Конечно, еще больше меня интересовало, где они сейчас находятся – Худя и этот Зигфрид Шерц. Но ни я, ни капитан Шевцов в дежурке, ни даже местное КГБ не могли запеленговать сейчас рацию в «газике» Худи: у нас в милиции просто нет такой аппаратуры. Может быть, такая пеленгующая аппаратура есть у десантников, даже наверняка есть, но вряд ли Шевцов додумался связаться с ними…
– Нет, Аня, он еще не знает фамилию Окки. Прием, – сухо сообщил в эфире голос Худи Вэнокана.
Я поняла, что Худя уже забрал микрофон у Шерца.
– Худя, где ты находишься? Я сейчас приеду! Дорогой, скажи мне, где ты находишься! Прием!
– Аня, ты прочла записку, которую я оставил тебе на двери?
– Да, я прочла, Худя! Прием!
– Если ты немедленно сделаешь то, что там написано, у тебя будет шанс поговорить со мной еще раз. Все. Конец связи.
– Худя! Худя-а! Я не понимаю! Худя-а!! – орала я в микрофон, но ответом были лишь негромкие хрусты эфира – Худя отключил рацию.

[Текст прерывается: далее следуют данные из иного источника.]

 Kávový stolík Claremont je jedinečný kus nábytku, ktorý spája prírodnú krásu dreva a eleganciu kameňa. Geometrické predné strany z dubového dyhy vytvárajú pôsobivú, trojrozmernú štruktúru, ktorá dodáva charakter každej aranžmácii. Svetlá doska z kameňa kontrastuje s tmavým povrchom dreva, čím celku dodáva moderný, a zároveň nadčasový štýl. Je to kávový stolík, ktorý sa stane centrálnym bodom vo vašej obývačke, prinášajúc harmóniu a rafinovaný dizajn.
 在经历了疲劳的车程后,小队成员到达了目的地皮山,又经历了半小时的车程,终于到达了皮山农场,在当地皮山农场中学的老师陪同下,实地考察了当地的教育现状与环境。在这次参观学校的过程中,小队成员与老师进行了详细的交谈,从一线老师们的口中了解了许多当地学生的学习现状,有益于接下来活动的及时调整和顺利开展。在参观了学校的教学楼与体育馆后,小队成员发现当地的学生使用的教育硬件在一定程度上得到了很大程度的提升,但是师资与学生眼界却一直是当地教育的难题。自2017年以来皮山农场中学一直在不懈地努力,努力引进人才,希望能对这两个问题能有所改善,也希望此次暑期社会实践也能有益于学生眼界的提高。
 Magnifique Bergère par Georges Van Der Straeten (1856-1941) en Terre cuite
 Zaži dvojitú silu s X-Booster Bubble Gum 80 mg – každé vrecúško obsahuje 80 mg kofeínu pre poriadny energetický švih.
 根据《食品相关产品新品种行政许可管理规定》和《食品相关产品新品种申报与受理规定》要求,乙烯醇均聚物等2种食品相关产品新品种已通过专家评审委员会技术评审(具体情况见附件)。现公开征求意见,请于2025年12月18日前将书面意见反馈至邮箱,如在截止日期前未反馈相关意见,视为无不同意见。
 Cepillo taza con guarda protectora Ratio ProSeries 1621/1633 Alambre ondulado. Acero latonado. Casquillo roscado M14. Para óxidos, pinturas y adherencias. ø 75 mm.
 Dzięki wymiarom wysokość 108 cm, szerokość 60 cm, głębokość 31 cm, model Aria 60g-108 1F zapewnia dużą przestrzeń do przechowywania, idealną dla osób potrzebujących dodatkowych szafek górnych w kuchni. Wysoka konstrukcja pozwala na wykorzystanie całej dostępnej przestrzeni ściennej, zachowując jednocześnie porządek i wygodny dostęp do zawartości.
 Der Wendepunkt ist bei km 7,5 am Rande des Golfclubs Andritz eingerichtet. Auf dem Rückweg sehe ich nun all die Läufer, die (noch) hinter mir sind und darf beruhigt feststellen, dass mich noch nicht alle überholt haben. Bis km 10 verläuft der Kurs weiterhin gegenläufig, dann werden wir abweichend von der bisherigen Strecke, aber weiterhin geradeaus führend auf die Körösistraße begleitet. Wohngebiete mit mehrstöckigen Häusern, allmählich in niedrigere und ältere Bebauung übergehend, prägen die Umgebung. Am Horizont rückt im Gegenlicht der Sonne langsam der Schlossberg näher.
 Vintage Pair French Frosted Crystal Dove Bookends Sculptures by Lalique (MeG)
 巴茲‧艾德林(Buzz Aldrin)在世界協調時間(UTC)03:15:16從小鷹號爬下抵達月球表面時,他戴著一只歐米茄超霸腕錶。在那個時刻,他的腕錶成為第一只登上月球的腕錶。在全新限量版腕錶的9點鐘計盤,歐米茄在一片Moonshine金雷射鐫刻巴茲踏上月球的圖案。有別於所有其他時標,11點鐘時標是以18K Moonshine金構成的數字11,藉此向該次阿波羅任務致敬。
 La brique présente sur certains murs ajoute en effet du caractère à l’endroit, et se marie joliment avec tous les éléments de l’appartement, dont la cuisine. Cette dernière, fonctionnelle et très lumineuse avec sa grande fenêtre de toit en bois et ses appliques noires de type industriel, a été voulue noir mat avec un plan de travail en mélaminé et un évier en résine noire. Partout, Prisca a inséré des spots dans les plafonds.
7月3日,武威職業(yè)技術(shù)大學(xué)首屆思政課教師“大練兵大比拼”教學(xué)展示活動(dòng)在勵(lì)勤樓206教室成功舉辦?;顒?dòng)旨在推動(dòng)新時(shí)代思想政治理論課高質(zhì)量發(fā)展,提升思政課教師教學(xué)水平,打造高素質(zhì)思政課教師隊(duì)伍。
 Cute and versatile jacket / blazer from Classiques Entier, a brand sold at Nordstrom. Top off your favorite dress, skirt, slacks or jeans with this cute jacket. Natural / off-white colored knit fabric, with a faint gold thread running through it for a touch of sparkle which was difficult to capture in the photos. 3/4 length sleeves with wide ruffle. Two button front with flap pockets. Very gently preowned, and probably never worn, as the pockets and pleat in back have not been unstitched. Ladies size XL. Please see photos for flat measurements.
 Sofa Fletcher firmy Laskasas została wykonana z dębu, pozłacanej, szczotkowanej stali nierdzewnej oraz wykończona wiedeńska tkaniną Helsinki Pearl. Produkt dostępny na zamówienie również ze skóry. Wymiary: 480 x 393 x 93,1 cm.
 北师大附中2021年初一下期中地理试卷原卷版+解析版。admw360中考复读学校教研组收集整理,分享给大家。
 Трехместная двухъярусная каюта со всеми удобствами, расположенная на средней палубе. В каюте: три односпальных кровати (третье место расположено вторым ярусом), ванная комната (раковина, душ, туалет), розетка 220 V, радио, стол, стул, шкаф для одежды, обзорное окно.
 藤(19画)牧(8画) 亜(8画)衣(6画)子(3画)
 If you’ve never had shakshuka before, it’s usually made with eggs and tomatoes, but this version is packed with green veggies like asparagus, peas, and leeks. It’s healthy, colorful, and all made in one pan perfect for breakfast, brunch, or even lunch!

Я тупо обмякла за рулем машины.
Вокруг была темень, полярная ночь, но выключенные фары «Волги» упирались в снежную поземку.
Требовательный голос дежурного по городской милиции капитана Шевцова вывел меня из оцепенения. Рация спросила голосом Шевцова:
– Ковина, что происходит? Ты можешь объяснить? Прием!
– Да пошли вы все на х…! – сказала я в микрофон, бросила его на соседнее сиденье и стала разворачивать машину.
До меня стал доходить смысл последней Худиной реплики. «Прощай. И пожалуйста, уезжай в Россию» – было написано в той записке. В Уренгое нет железной дороги. Значит, уехать в Россию я могу только с аэродрома. Если так, то Худя назначил мне свидание в аэропорту. «Немедленно», – сказал он.
Я выкатила машину из школьного двора, включила сирену и фары дальнего света и помчалась в аэропорт.
Сирена распугивала встречный транспорт, людей у продовольственных магазинов, даже бронетранспортеры десантников уступали мне дорогу. Я гнала на третьей скорости: на четвертой нельзя было гнать по скользким мостовым, я бы не доехала живой до аэропорта.
Минут через десять я увидела, что за мной увязались еще две синие «Волги» без всяких надписей на борту – гэбэшные. Но мне было все равно, я не обращала на них внимания.
Мы выскочили из Уренгоя на шоссе к аэродрому. По случаю прибытия сегодня правительственной делегации из Москвы шоссе было старательно расчищено от снега. Снегоочистительные машины нагребли по обе стороны валы снега, на отдельных участках еще пыхтели бульдозеры.
Я перешла на четвертую скорость, я гнала машину, вцепившись руками в баранку. В эфире рации надрывался капитан Шевцов:
– Ковина! Полегче! Ковина! Ты что – сдурела?! Ковина! Я приказываю – не гони так! Убьешься же, твою мать!..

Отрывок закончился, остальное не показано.